Ich frage mich - hat "Leidenspornographie" eigentlich schon als eigenständige psychiatrische Diagnose eine international gültige Registraturnummer und Einordnung in den Diagnosesystemen in den USA und Europa (diagnostisches und statistische Manual psychischer Störungen = DSM - Internationale Klassifikation von Krankheiten der Weltgesundheitsorganisation = ICD) die ja gern immer mal wieder diese Manuale auffüllen, damit die Pharmazie entsprechende Gegenmittel "erforschen" und absetzen kann ...
Nur - worunter leiden die Menschen - denen all das sowas von "am Ar..." vorbeigeht, die einfach sagen, lasst die Toten ruhen - und gegen Kriege in der Welt kann man doch nichts machen - und naja - Kinder - sind doch nur Kinder - nur wir hier wollen unsere Ruhe haben und Olympia gucken und die Kinder spielen draußen mit dem Handy - und gleich das Pokalspiel - und ne Wurst auf'm Grill umdrehen ... - un gutt is ... - leiden diese Typen an Alexithymie (bitte nachgoogeln) ???

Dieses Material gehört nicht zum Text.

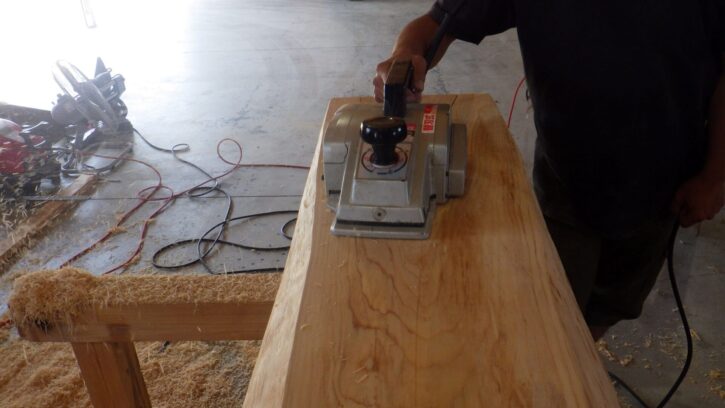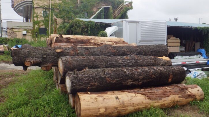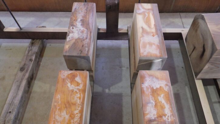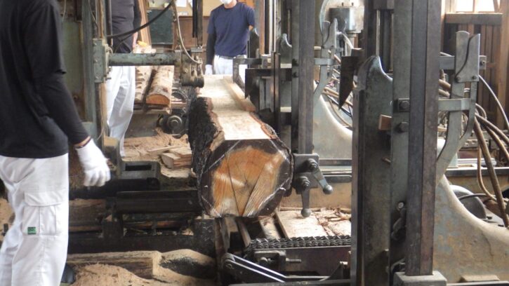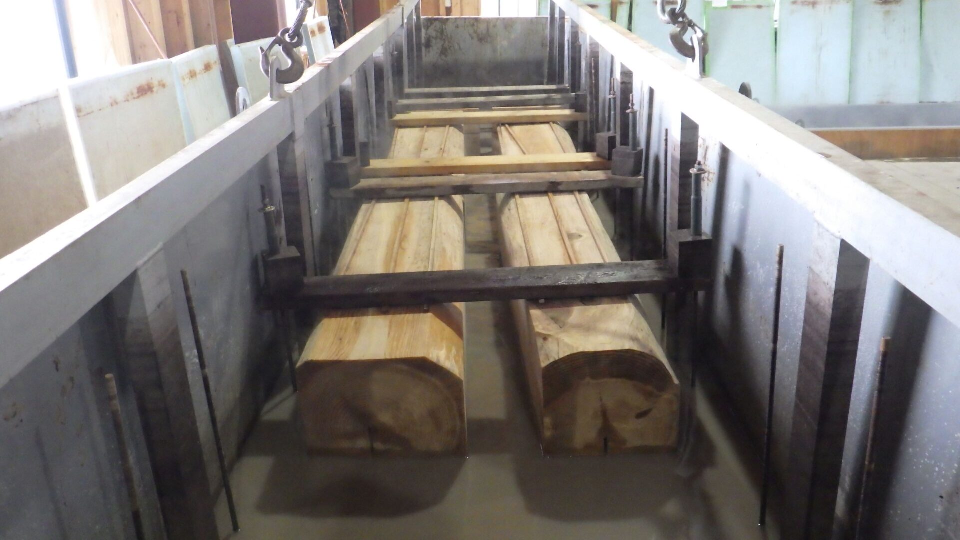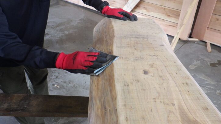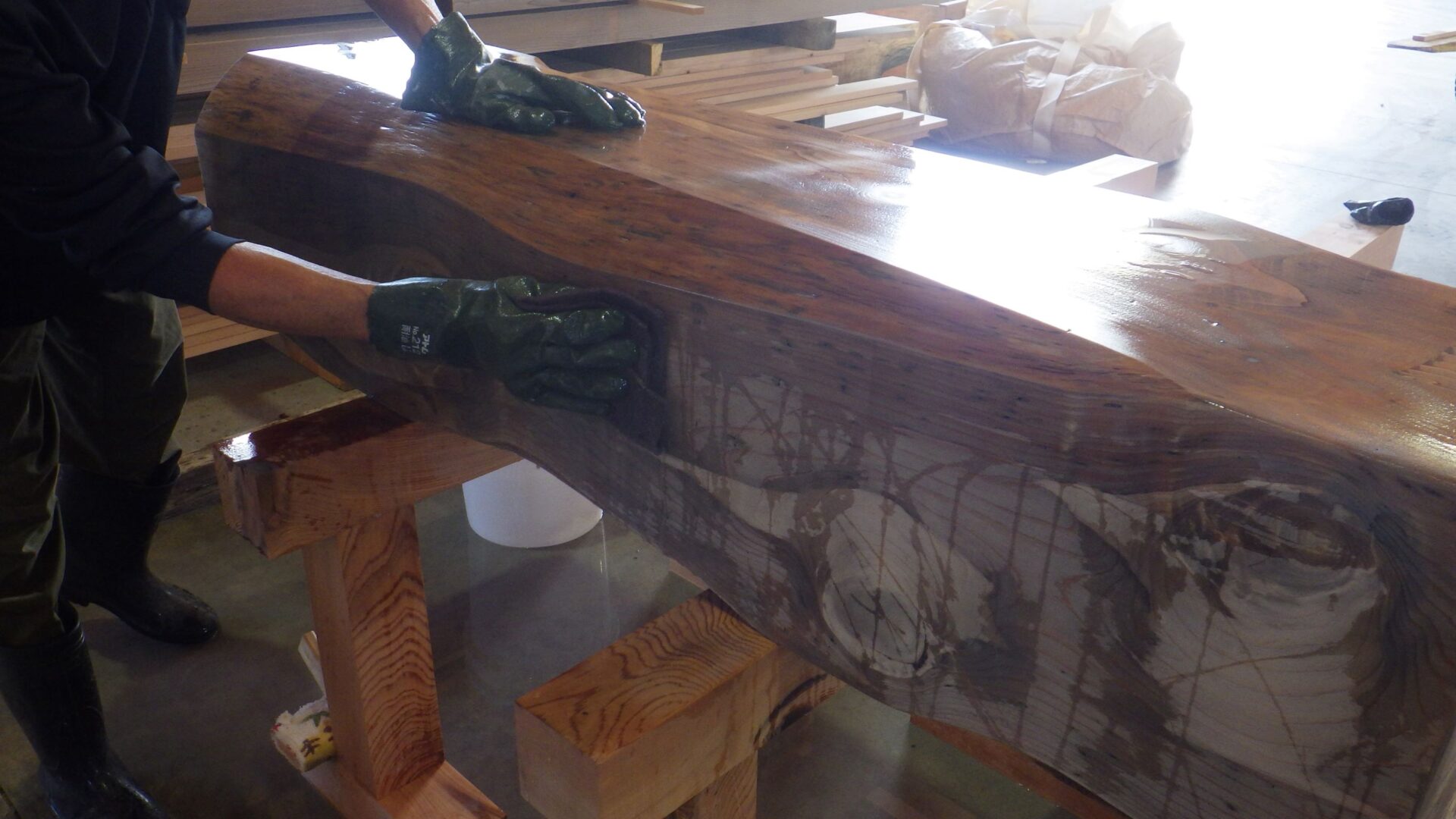 液体ガラスの含侵前作業として加工や研磨をしていきます。原木の丸み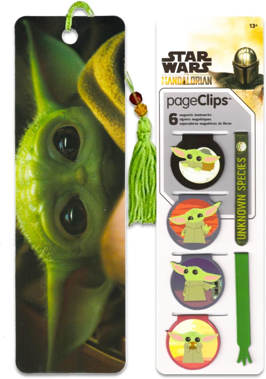 This Star Wars school supplies bundle includes 6 Mandalorian The Child page clip bookmarks and 1 Star Wars Mandalorian bookmark.

Ich wenigstens kann mir nun mal diese Welt nicht schöner malen als sie ist - obwohl ich auch viele Sonnenauf- und -untergänge und Wolken photographiere und bearbeite - genausowenig darf man ständig im Schlamm herumwühlen - ist klar ... - aber man muss sich von seiner Umwelt im Moment auch angemessen anrühren lassen - und vielleicht sogar langverdrängte "Familiengeheimnisse"lüften, um ernsthaft persönlichen Ballast zu bearbeiten ...: und das ist keine Pornographie sondern - für mich wenigstens - kann das Seelenerleichterung sein - hin zu diesem weiten und erleichternden Begriff: "heilfroh" ...S!